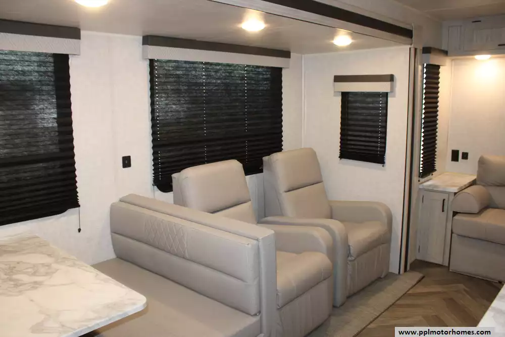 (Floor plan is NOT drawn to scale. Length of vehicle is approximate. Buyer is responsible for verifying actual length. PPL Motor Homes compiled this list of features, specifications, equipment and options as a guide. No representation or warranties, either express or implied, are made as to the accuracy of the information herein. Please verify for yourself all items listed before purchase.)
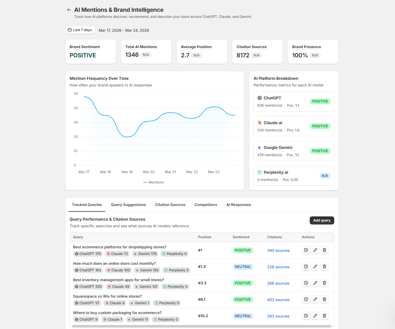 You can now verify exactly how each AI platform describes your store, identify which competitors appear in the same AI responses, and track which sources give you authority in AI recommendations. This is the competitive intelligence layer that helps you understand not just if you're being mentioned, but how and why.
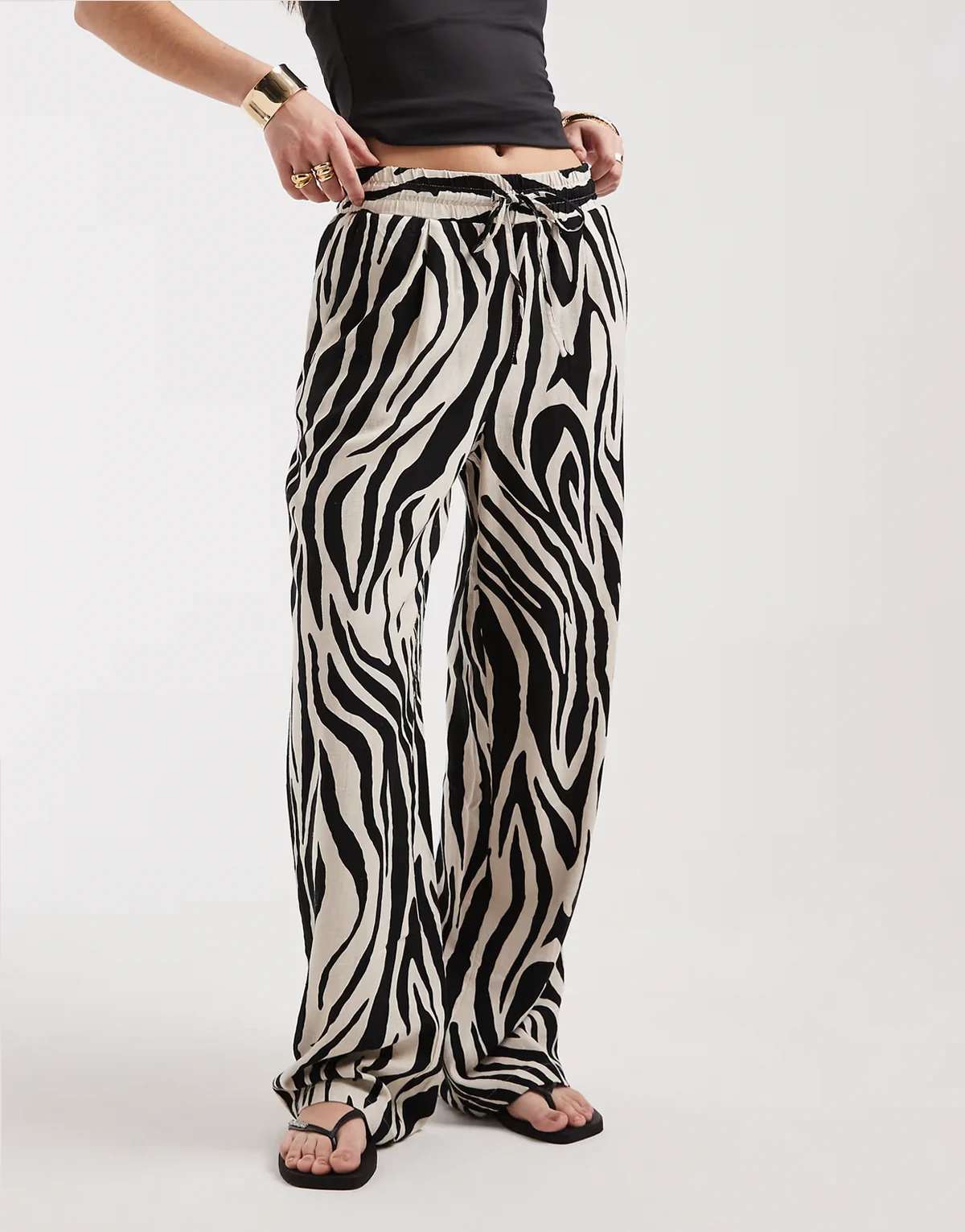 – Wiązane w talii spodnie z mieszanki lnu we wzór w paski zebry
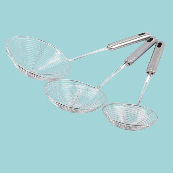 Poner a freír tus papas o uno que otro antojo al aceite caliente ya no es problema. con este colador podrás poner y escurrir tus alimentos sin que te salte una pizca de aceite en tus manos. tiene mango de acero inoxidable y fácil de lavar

====

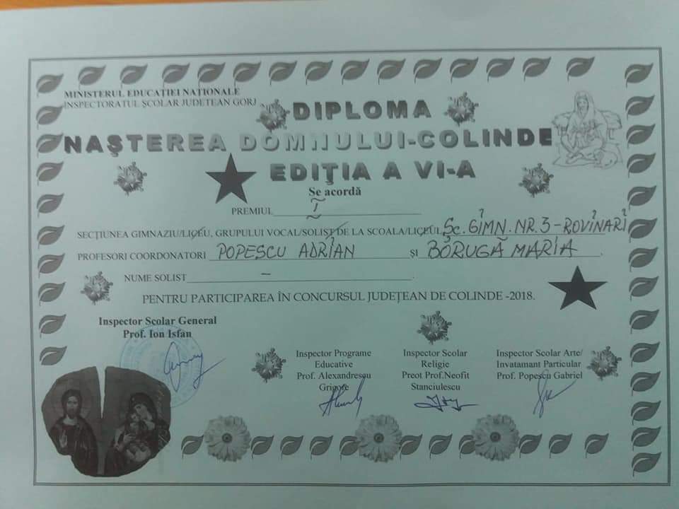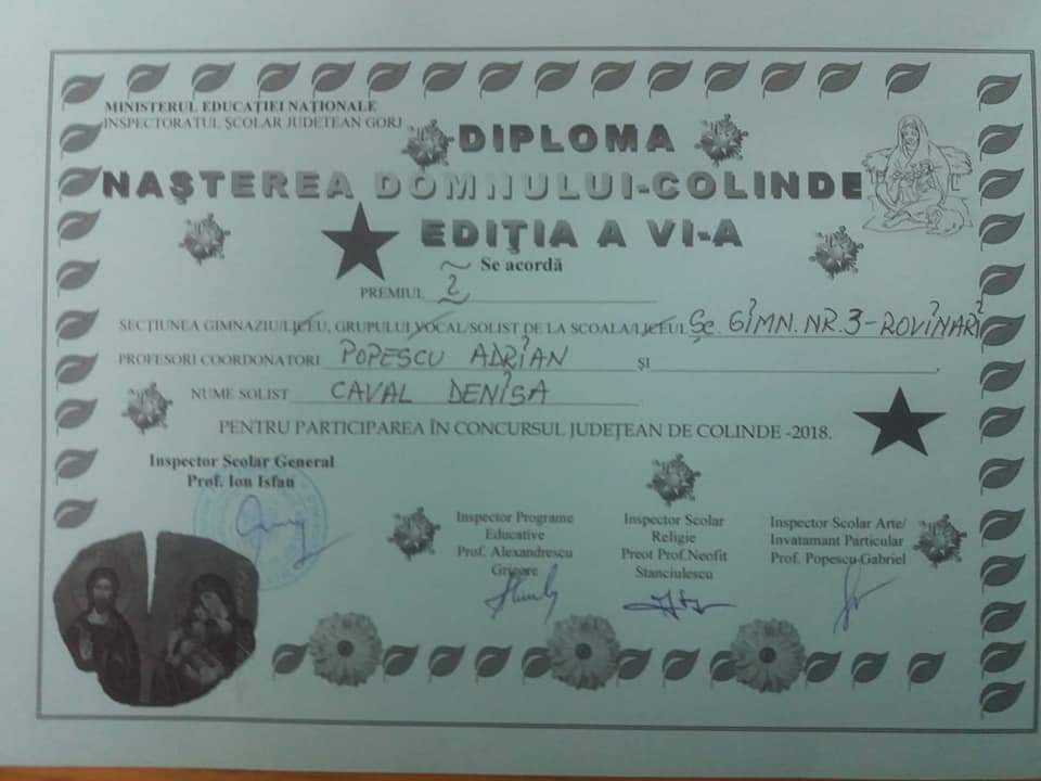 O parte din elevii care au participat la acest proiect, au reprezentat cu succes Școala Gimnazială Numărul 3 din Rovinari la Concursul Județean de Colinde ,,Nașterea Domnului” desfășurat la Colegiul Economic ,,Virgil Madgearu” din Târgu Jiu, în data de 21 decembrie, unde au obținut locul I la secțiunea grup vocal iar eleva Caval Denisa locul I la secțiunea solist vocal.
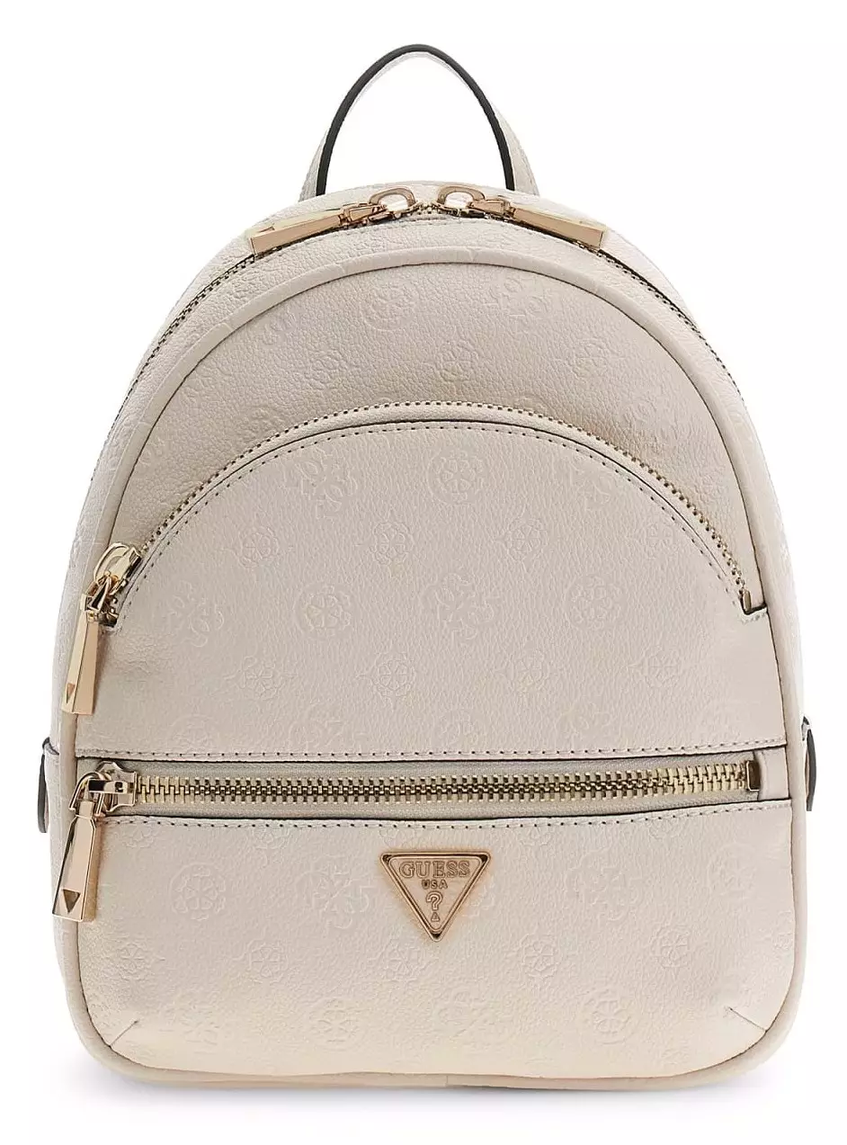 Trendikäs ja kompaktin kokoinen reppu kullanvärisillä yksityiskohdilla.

====

→ INSTRUCTIONS FOR THE TASK: Within the listing above, copy exactly the lines that start at the one with "(Floor plan is" and continue through the one with "Poner a freír". Omit pictures.

→ SOLVED EXERCISE:
 (Floor plan is NOT drawn to scale. Length of vehicle is approximate. Buyer is responsible for verifying actual length. PPL Motor Homes compiled this list of features, specifications, equipment and options as a guide. No representation or warranties, either express or implied, are made as to the accuracy of the information herein. Please verify for yourself all items listed before purchase.)
 You can now verify exactly how each AI platform describes your store, identify which competitors appear in the same AI responses, and track which sources give you authority in AI recommendations. This is the competitive intelligence layer that helps you understand not just if you're being mentioned, but how and why.
 – Wiązane w talii spodnie z mieszanki lnu we wzór w paski zebry
 Poner a freír tus papas o uno que otro antojo al aceite caliente ya no es problema. con este colador podrás poner y escurrir tus alimentos sin que te salte una pizca de aceite en tus manos. tiene mango de acero inoxidable y fácil de lavar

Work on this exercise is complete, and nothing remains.